At any rate, this is the passage from Liu’s testimony against Alito’s nomination at the time that Republicans now find objectionable:
Judge Alito’s record envisions an America where police may shoot and kill an unarmed boy to stop him from running away with a stolen purse; where federal agents may point guns at ordinary citizens during a raid, even after no sign of resistance; where the FBI may install a camera where you sleep on the promise that they won’t turn it on unless an informant is in the room; where a black man may be sentenced to death by an all-white jury for killing a white man, absent a multiple regression analysis showing discrimination; and where police may search what a warrant permits, and then some.
The real reason Liu’s remarks are a sore spot for Republicans begins with the controversy over the nomination of Robert Bork by President Ronald Reagan in 1987. At the time, Senator Ted Kennedy issued a blistering statement: “Robert Bork’s America is a land in which women would be forced into back-alley abortions, blacks would sit at segregated lunch counters, rogue police could break down citizens’ doors in midnight raids, schoolchildren could not be taught about evolution, writers and artists could be censored at the whim of the Government, and the doors of the Federal courts would be shut on the fingers of millions of citizens for whom the judiciary is — and is often the only — protector of the individual rights that are the heart of our democracy.”

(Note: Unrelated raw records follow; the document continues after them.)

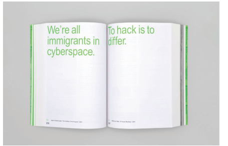
FIGURE 4-5 : Spreads from Cyberfeminism Index .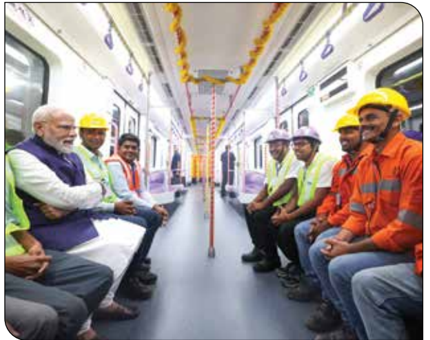
After inaugurating the new phase of Metro Rail, PM Shri Narendra Modi undertakes a metro ride at Kolkata in West Bengal on August 22, 2025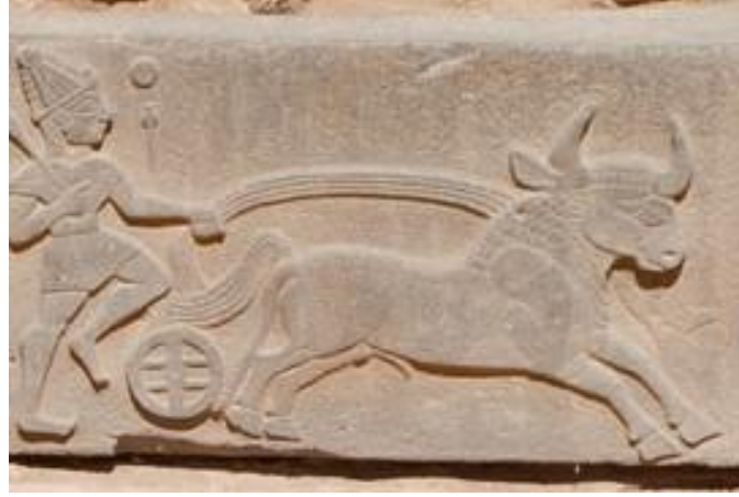
Fig. 8. The depiction of Storm God of Aleppo on the orthostat with ALEPPO 4 incipion.

During this period, the god is recognized as being associated with bull. One of the orthostats found in the god's temple in Aleppo, dating to this period, depicts the god as a figure holding a mace in his right hand, bent toward his shoulder, and the reins of a chariot drawn by two bulls in his left hand (Fig. 9). In ALEPPO 4 incipion on this orthostat, the god's name is read as "Divine Mace" (CHLI III, ALEPPO 4 §(a)).

Bork’s nomination was defeated, and his name was immortalized as a political verb — to defeat a Supreme Court nominee was to “bork”him. The similarities between Liu’s remarks about Alito and Kennedy’s about Bork are inescapable — both constitute a scathing liberal indictment of the conservative vision of America, one conservatives think is grossly unfair — and likely part of the reason Republicans have reacted to them so harshly.
So in a sense, filibustering Liu’s nomination isn’t just revenge for Alito. It’s also payback for Robert Bork. While the political reasons for blocking Liu are obvious — if he attains the bench, he could be an attractive pick for Supreme Court later — what’s more remarkable is the pettiness of the underlying rationale, which is all about revenge.
http://www.washingtonpost.com/blogs/plum-line/post/gop-effort-to-block-goodwin-liu-is-all-about-petty-revenge/2011/03/04/AFbGkB7G_blog.html
Bummer! Senate voted 52-43 for filibuster.
I thought I read somewhere that filibustering judicial nominees was unconstitutional … I’m looking into it right now … if anyone knows off-hand, please let me know …
By the by … Charles Grassley is an idiot who has issues with reading comprehension …
It’s is just MHO but Senator Chuck Gassley is really twisted!
http://thinkprogress.org/2011/05/19/grassley-liu-communist-china/
CEJ,
You do mean ALieto, don’t you? 🙂
Swarthmore mom,
Thanks for the link to TPM; that sure was truth-telling on Alito!
BIL,
LOL, more truth-telling!
The DK (failed) link highlights some other Senators who might be more open to persuasion; if anyone wants to try to keep hope alive.
CEJ,
I would, but since my Senator is David “I’m A Koch Employee, er, Sucker” Vitter, it would be an exercise in futility.
Sorry about the link to DK; the exclamation point should be included.